Multi-stain deep learning prediction model of treatment response in lupus nephritis based on renal histopathology

Kidney Int. 2024 Dec 27:S0085-2538(24)00923-2. doi: 10.1016/j.kint.2024.12.007. Online ahead of print.

Abstract

The response of the kidney after induction treatment is one of the determinants of prognosis in lupus nephritis, but effective predictive tools are lacking. Here, we sought to apply deep learning approaches on kidney biopsies for treatment response prediction in lupus nephritis. Patients who received cyclophosphamide or mycophenolate mofetil as induction treatment were included and the primary outcome was 12-month treatment response, complete response defined as 24h urinary protein under 0.5 g with normal estimated glomerular filtration rate or within 10% of normal range. The model development cohort included 245 patients (880 digital slides), and the external test cohort had 71 patients (258 digital slides).
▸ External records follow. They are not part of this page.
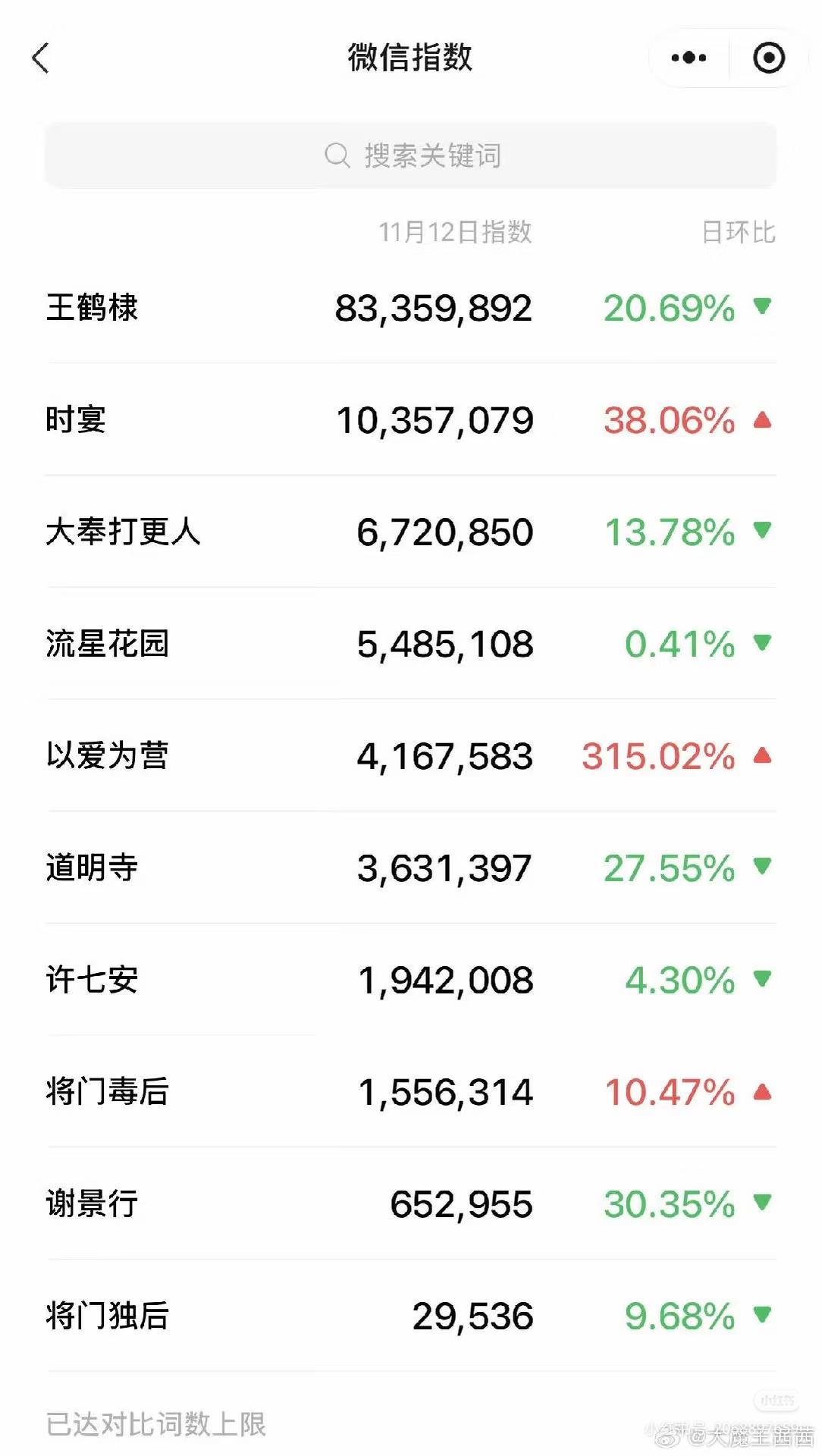 古言最大的IP,也不过如此。 对接确认哪天微信指数,百度指数,几乎为零。 哪来的书粉,都是嫉妒破防的黑子。
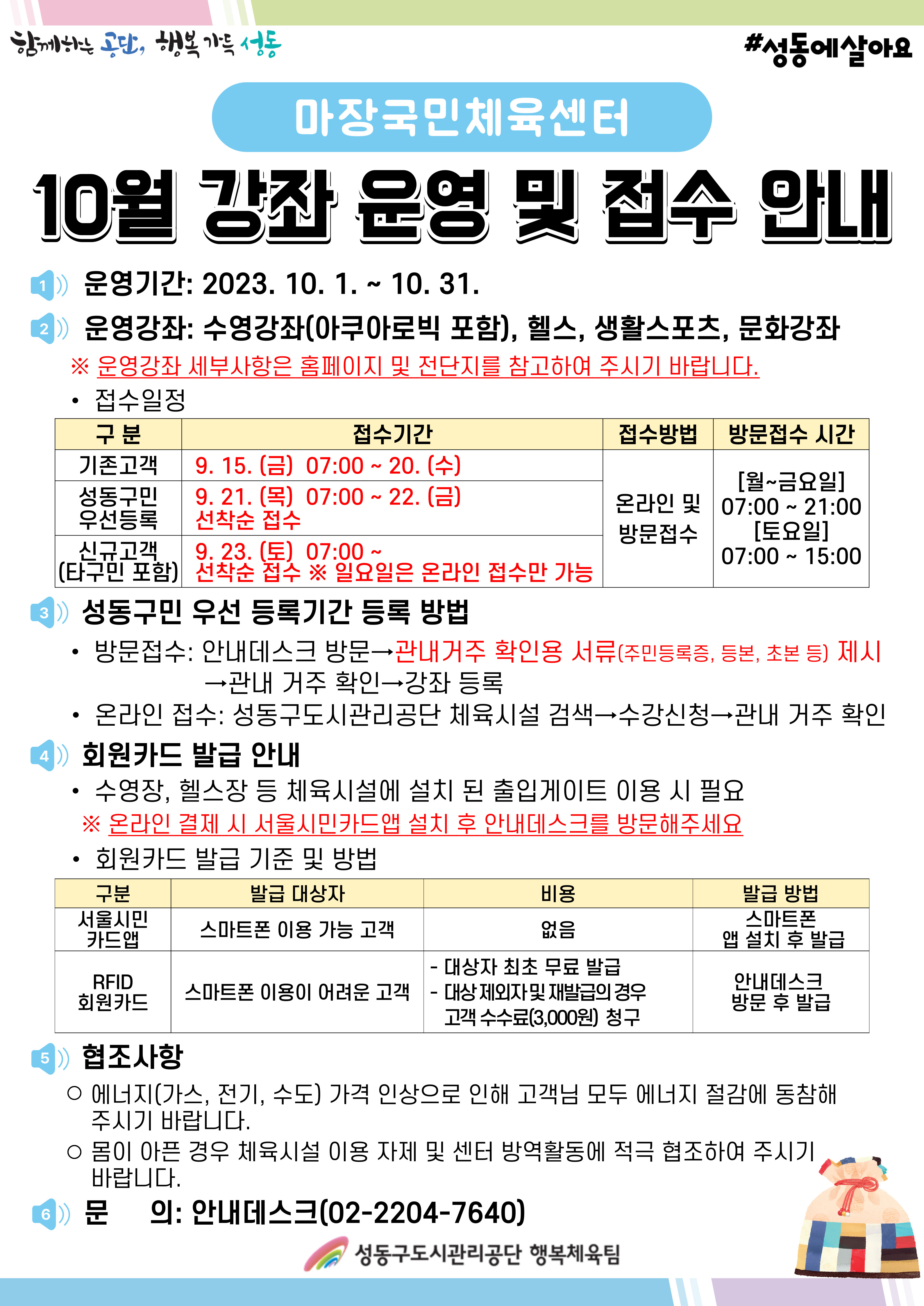 [마장국민체육센터] 2023년 10월 강좌 운영 및 접수 안내 작성자 관리자 등록일자 2023년 9월 11일 18시 8분 37초 조회 824 2023년 10월 강좌 운영 및 접수 안내(마장).jpg [ Size : 1.59MB , Down : 694 ] 미리보기 다운로드 목록보기
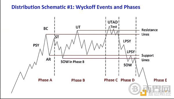 X 分析师@follis_重点介绍的示意图显示,比特币最近的结构遵循经典的五阶段威科夫分布,这种模式经常在宏观市场顶部附近出现,如下所示。@follis_ 表示,这种趋势非常强烈,以至于比特币牛市“可能真的已经结束了”。
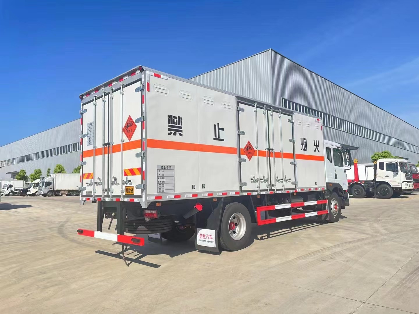 2,廂內配置:車廂底板上方鋪設防靜電膠皮,廂體內前臉50公分高鋪設防靜電膠皮。整車尾部設置對開門,廂體內部兩側安裝捆綁貨物的臥環。廂體內部安裝煙霧報**器,門上安裝防盜報**感應器。
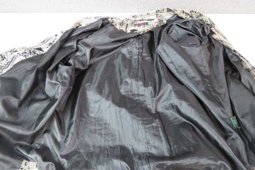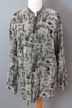 Ladies oriental pattern jacket by Kenki, dry clean only label within. Approx measurements; 47" chest, 32 3/4" length at back inc mandarin collar, 18 3/4" sleeve length underarm.
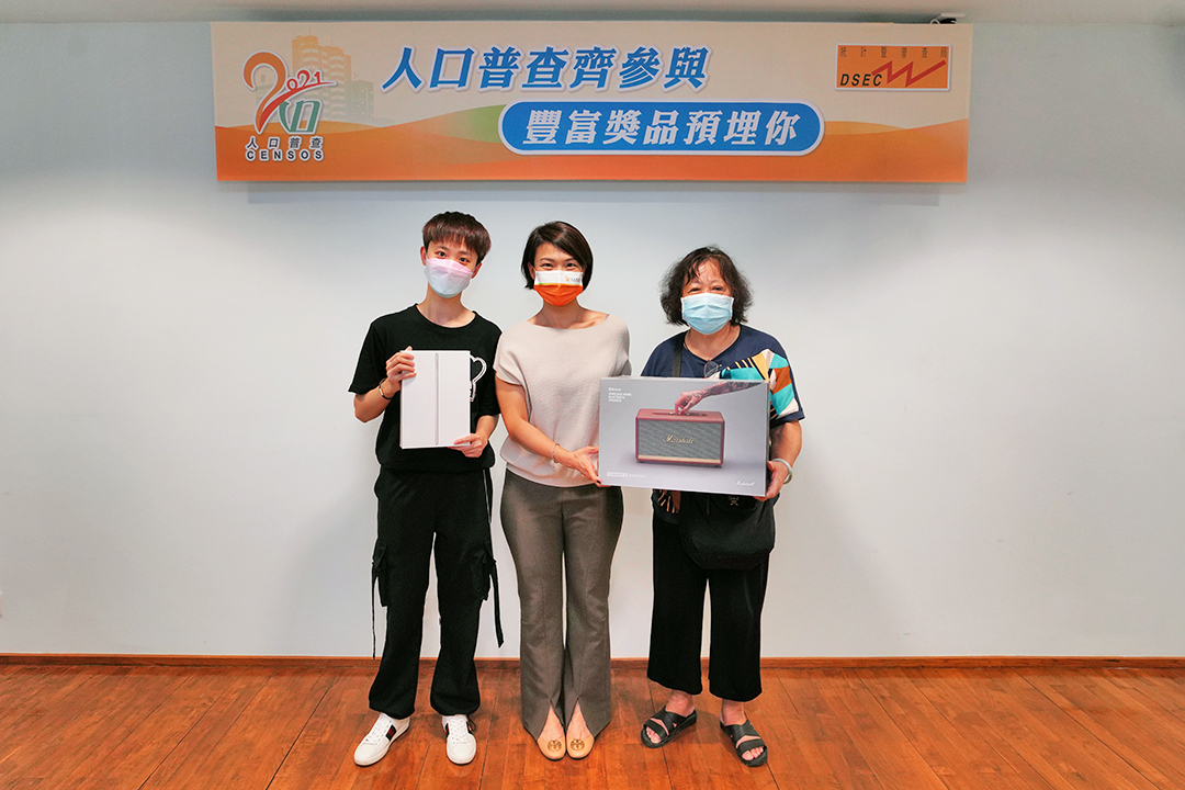 “2021人口普查齊參與”線上有獎遊戲於7月16日至8月5日期間舉行,目的是向廣大市民推廣十年一次人口普查的重要性,加深居民對人口普查的認識,藉以鼓勵居民積極配合人口普查。遊戲抽獎儀式日前在統計局及博彩監察協調局的代表監督下完成,兩份大獎包括Apple iPad 8及Marshall藍牙喇叭,另外逾2,000份獎品包括雙人電影門票、零售商戶現金券、電子支付平台充值額等,已由玩家於遊戲內自行兌換,核銷率達94.6%。

Deep learning models were trained independently on hematoxylin and eosin, periodic acid-Schiff, periodic Schiff-methenamine silver and Masson's trichrome stained slides at multiple magnifications and integrated to predict the primary outcome of complete response to therapy at 12 months. Single-stain models showed area under the curves of 0.813, 0.841, 0.823, and 0.862, respectively. Further, integration of the four models into a multi-stain model achieved area under the curves of 0.901 and 0.840 on internal validation and external testing, respectively, which outperformed conventional clinicopathologic parameters including estimated glomerular filtration rate, chronicity index and reduction in proteinuria at three months. Decisive features uncovered by visualization uncovered for model prediction included tertiary lymphoid structures, glomerulosclerosis, interstitial fibrosis and tubular atrophy. Our study demonstrated the feasibility of utilizing deep learning on kidney pathology to predict treatment response for lupus patients. Further validation is required before the model could be implemented for risk stratification and to aid in making therapeutic decisions in clinical practice.

Keywords: artificial intelligence; lupus nephritis; prediction model; renal pathology; treatment response.